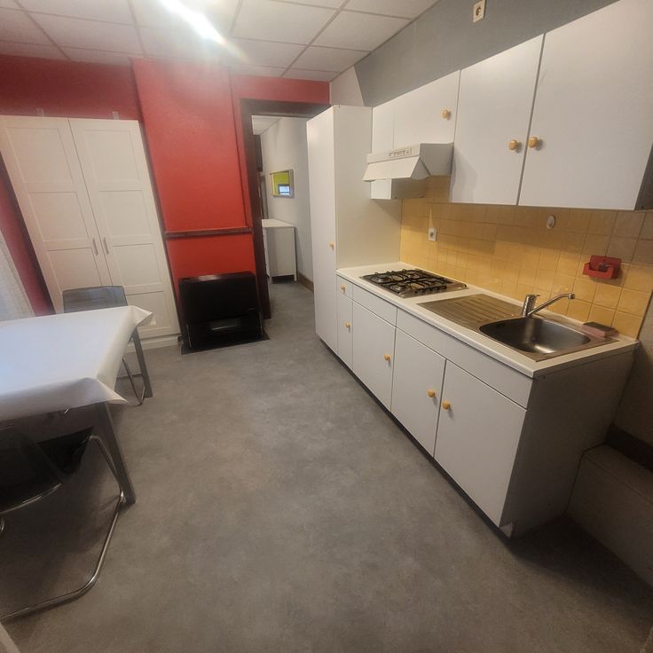 Studio 30m2 meublé au rez : convecteur gaz, cuisine équipée, frigo-congélateur , divan-lit ,salle-de-bains, rideaux , tentures. . 595€ + charges privées.(eau, gaz, électricité)+deux mois caution . 0476/48.64.12
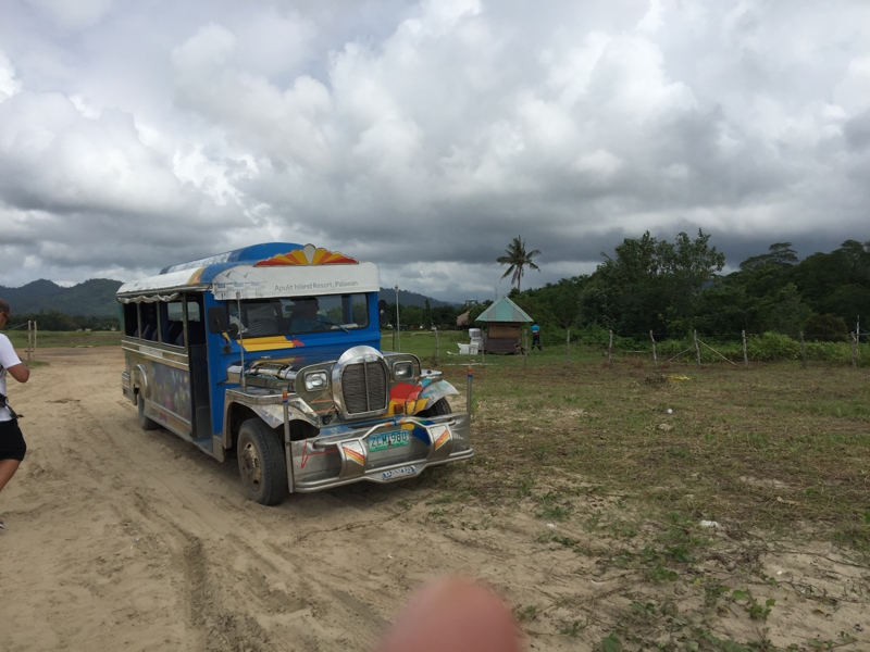 ゲスト全員が乗るとおもむろにジプニーは動き出しました。僕のトローリーもちゃんと後ろに積んでくれています。そう、確か行きの飛行機は海の上から滑走路に入ってきました。パラワン島本島、未だここでは島の幅はそこそこあるはず、と言う事はマニラからここでグルッと旋回した?
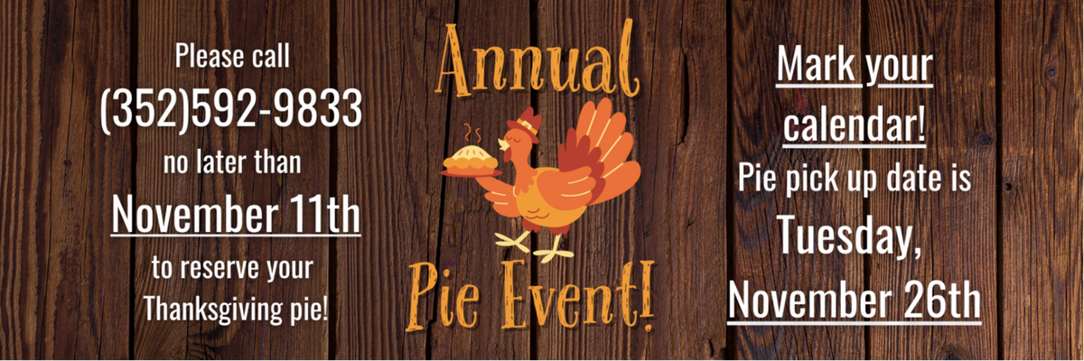 Existing clients only - please call to order your choice of cherry, home style apple, pumpkin, or wild berry (no sugar added) pie, and select your pick up timeslot.
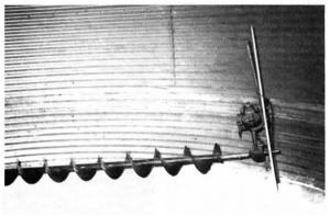 The gearbox mounts on "legs" made from a pair of 3/4-in. dia. pieces of metal conduits. The auger was salvaged from an unloading auger off an old IH 140 combine. It attaches to one end of the rototiller's beater shaft. A 1/3 hp electric motor is used to belt-drive the gearbox which in turn drives the beater shaft. A shield covers the V-belt and pulleys on the motor and transmission.
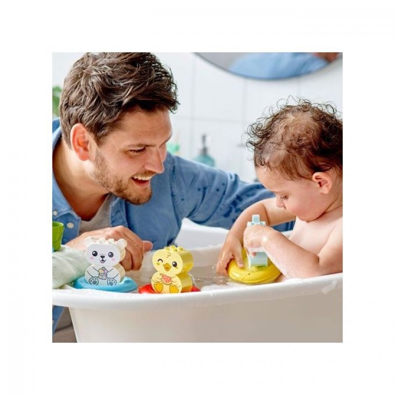 LEGO® DUPLO® My First Bath Time Fun: Floating Animal Train (10965) is an easy-to-clean developmental bath toy for preschoolers aged 18 months and up.
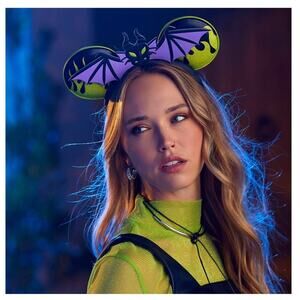 Summon the dark sorcery of the "Mistress of all Evil" in Maleficent's mouse ear headband with fearsome winged dragon bow and glittering flame ears, all intended to keep true love's kiss far, far away.
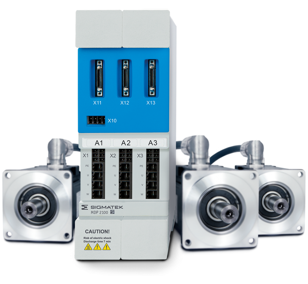 Die modulare Multiachs-Servosystem-Serie Dias Drive 2000 von Sigmatek kann ein- oder dreiphasig mit 230 bis 480VAC betrieben werden. Neben ein bis drei Achsen sind Versorgung, Netzfilter, Bremswiderstand sowie Zwischenkreis integriert und das auf 75x240x219mm in Baugröße 1. In dieser Größe schafft das Servosystem eine Leistung von 4kW (3x5A Nenn- bzw. 3x15A Spitzenstrom) und in Baugröße 2 bis zu 9kW (3x10A bzw. 3x30A). Der Überlastfaktor liegt bei bis zu 300% und die Reglerzykluszeiten bei 62,5µs. Neben STO und SS1 verfügt die Serie standardmäßig über die Funktionen SOS, SBC sowie SLS und ermöglicht Anwendungen bis SIL3/PLe/Kat4. Im Standard kommt die digitale Motorfeedback-Schnittstelle Hiperface DSL zum Einsatz.
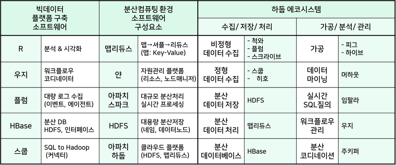 - 임팔라 (Impala): 하둡 기반 실시간 SQL 질의 시스템/ 인터페이스로 HiveQL 사용/ 수초 내에 결과 확인 가능

» **Task objective**: Give the listing again exactly, but omit each image.

» **Exercise solution**:
 Studio 30m2 meublé au rez : convecteur gaz, cuisine équipée, frigo-congélateur , divan-lit ,salle-de-bains, rideaux , tentures. . 595€ + charges privées.(eau, gaz, électricité)+deux mois caution . 0476/48.64.12
 ゲスト全員が乗るとおもむろにジプニーは動き出しました。僕のトローリーもちゃんと後ろに積んでくれています。そう、確か行きの飛行機は海の上から滑走路に入ってきました。パラワン島本島、未だここでは島の幅はそこそこあるはず、と言う事はマニラからここでグルッと旋回した?
 Existing clients only - please call to order your choice of cherry, home style apple, pumpkin, or wild berry (no sugar added) pie, and select your pick up timeslot.
 The gearbox mounts on "legs" made from a pair of 3/4-in. dia. pieces of metal conduits. The auger was salvaged from an unloading auger off an old IH 140 combine. It attaches to one end of the rototiller's beater shaft. A 1/3 hp electric motor is used to belt-drive the gearbox which in turn drives the beater shaft. A shield covers the V-belt and pulleys on the motor and transmission.
 LEGO® DUPLO® My First Bath Time Fun: Floating Animal Train (10965) is an easy-to-clean developmental bath toy for preschoolers aged 18 months and up.
 Summon the dark sorcery of the "Mistress of all Evil" in Maleficent's mouse ear headband with fearsome winged dragon bow and glittering flame ears, all intended to keep true love's kiss far, far away.
 Die modulare Multiachs-Servosystem-Serie Dias Drive 2000 von Sigmatek kann ein- oder dreiphasig mit 230 bis 480VAC betrieben werden. Neben ein bis drei Achsen sind Versorgung, Netzfilter, Bremswiderstand sowie Zwischenkreis integriert und das auf 75x240x219mm in Baugröße 1. In dieser Größe schafft das Servosystem eine Leistung von 4kW (3x5A Nenn- bzw. 3x15A Spitzenstrom) und in Baugröße 2 bis zu 9kW (3x10A bzw. 3x30A). Der Überlastfaktor liegt bei bis zu 300% und die Reglerzykluszeiten bei 62,5µs. Neben STO und SS1 verfügt die Serie standardmäßig über die Funktionen SOS, SBC sowie SLS und ermöglicht Anwendungen bis SIL3/PLe/Kat4. Im Standard kommt die digitale Motorfeedback-Schnittstelle Hiperface DSL zum Einsatz.
 - 임팔라 (Impala): 하둡 기반 실시간 SQL 질의 시스템/ 인터페이스로 HiveQL 사용/ 수초 내에 결과 확인 가능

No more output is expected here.